Additionally, the results presented in Fig. 4 show that 1,25(OH)2D3 treatment (and the combination of vitamin B12 and 1,25(OH)2D3) worked through activating the ER stress pathway. ER stress is caused by dysregulation of protein folding, and if this is prolonged or if the repair system fails, then ER-mediated apoptosis signaling is activated. The hallmarks of this atypical apoptosis pathway are activation of caspase 4, enhanced phosphorylation of the eukaryotic translation initiation factor 2 (eIF2) and release of Smac/DIABLO into the cytosol [23, 57]. Previous work has reported that 1,25(OH)2D3 induced apoptosis in MCF-7 breast cancer cells by induction of the endoplasmic reticulum (ER)-stress-like response [23]. The collaborative activation of both caspases (4 and 8) in other processes such as in response to infection has been reported previously [58, 59].
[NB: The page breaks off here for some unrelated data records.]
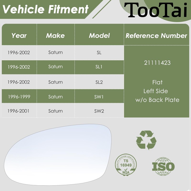 Tootai Driver Side Replacement Mirror Glass - compatible with Saturn vehicles - SL SL1 SL2 1996-2002, SW1 1996-1999, SW2 1996-2001 - non-heated, without backing plate
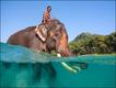 Elephants love water and hosing themselves down to keep cool, but it is very unusual to see an elephant swimming in the sea.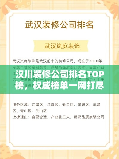 随着社会的快速发展,人们对居住环境的要求越来越高,装修行业也应此而蓬勃发展,在众多的装修公司中,汉川地区的装修公司因其优质的服务和专业的技术赢得了广大客户的信赖,本文将为您介绍汉川地区最大的装修公司排名,帮助您更好地了解当地的装修市场,为您的装修需求提供参考。
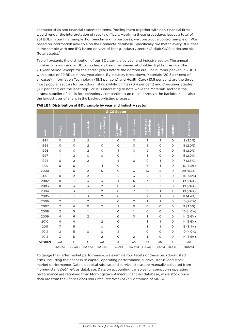 在定义借壳上市时,关键是私营公司的所有者通过反向收购获得上市壳公司的控制权,否则,交易仅仅是壳公司业务性质或规模的改变(Brown et al. 2013)。我们采用了与Ferguson 和 Lam(2015)相同的程序,通过报纸搜索和审查在1994年到2013年期间借壳上市公司的公告,确定了完整的借壳上市样本。由于需要审查上市后的长期(三年)业绩,我们排除了在2013年12月之后完成的借壳上市样本。我们进一步将样本限制在非金融领域的公司,因为金融公司通常具有鲜明的特征和财务报表项目,假如将它们与非金融企业联合在一起,将很难解释结果。在我们的最终样本中,应用这些程序总共会留下251个借壳上市企业样本。为了进行基准测试,我们根据Connect4数据库上的信息构建了一个IPO的控制样本。具体的说,我们根据上市年份、行业部门(2位数字GICS码)和规模(总资产),将每个借壳上市案例与首次公开上市(IPO)企业相匹配。

Acquiring a polarized morphology is essential for cell migration and cancer metastasis. The dynamic reorganization of actin cytoskeleton regulates almost all steps of cell migration including formation pf protrusions, cell adhesion, cell body contractility and formation of invadopodia [60, 61]. The results presented in Fig. 6A show that treated cells exhibited disorganized actin cytoskeleton and consequently they were less adhesive (Fig. 5) and less polarized (Fig. 6C). Additionally, it was shown that cells treated with the combination of vitamin B12 with 1,25(OH)2D3 were less adhesive (Fig. 5) and showed reduced percentage of cell polarization (Fig. 6C) when compared to 1,25(OH)2D3-treated cells.
5Conclusions
In conclusion, the present study revealed the synergistic anticancer effects of 1,25(OH)2D3 and B12 against different cancer cell lines. 1,25(OH)2D3 induced cytotoxicity in HeLa, HL-60, MCF-7 and SUM159PT cancer cells by induction of apoptosis as evident by fragmented nuclei after DAPI staining and flow cytometry analysis. The combination of vitamin B12 with 1,25(OH)2D3 enhanced the cytotoxic effects of 1,25(OH)2D3 as well as its inhibition of clonal tumor cell growth. The induction of apoptosis by 1,25(OH)2D3/B12 was achieved through activation of both caspase 4 and 8. 1,25(OH)2D3/B12-treated cells were less adhesive, showed reduced cell area, disorganized actin cytoskeleton and reduced percentage of polarized cells and thus had reduced migratory phenotype (Fig. 7) compared to cells treated with 1,25(OH)2D3 alone. The combination therapy of 1,25(OH)2D3 and vitamin B12 may provide a potential adjunctive treatment option for some cancer types.
Acknowledgments
The authors are grateful to the Deanship of Scientific Research, The Hashemite University for supporting the current work (grant No. 11/2016). We thank Omar Hanbali for helpful comments and advice in the manuscript preparation.
Authors contributions
CONCEPTION: MA, LT and FA
DATA CURATION: LT, ZA and MR
ANALYSIS OF DATA: LT, FA, ZA and MR
PREPARATION OF THE MANUSCRIPT: MA, LT and FA
REVISION FOR IMPORTANT INTELLECTUAL CONTENT: All authors
Conflict of interest
The authors have no conflict of interest to declare.
Ethical considerations
This research was approved by the Hashemite University IRB committee (IRB/11/2016). The work was carried out from 2018 until 2020.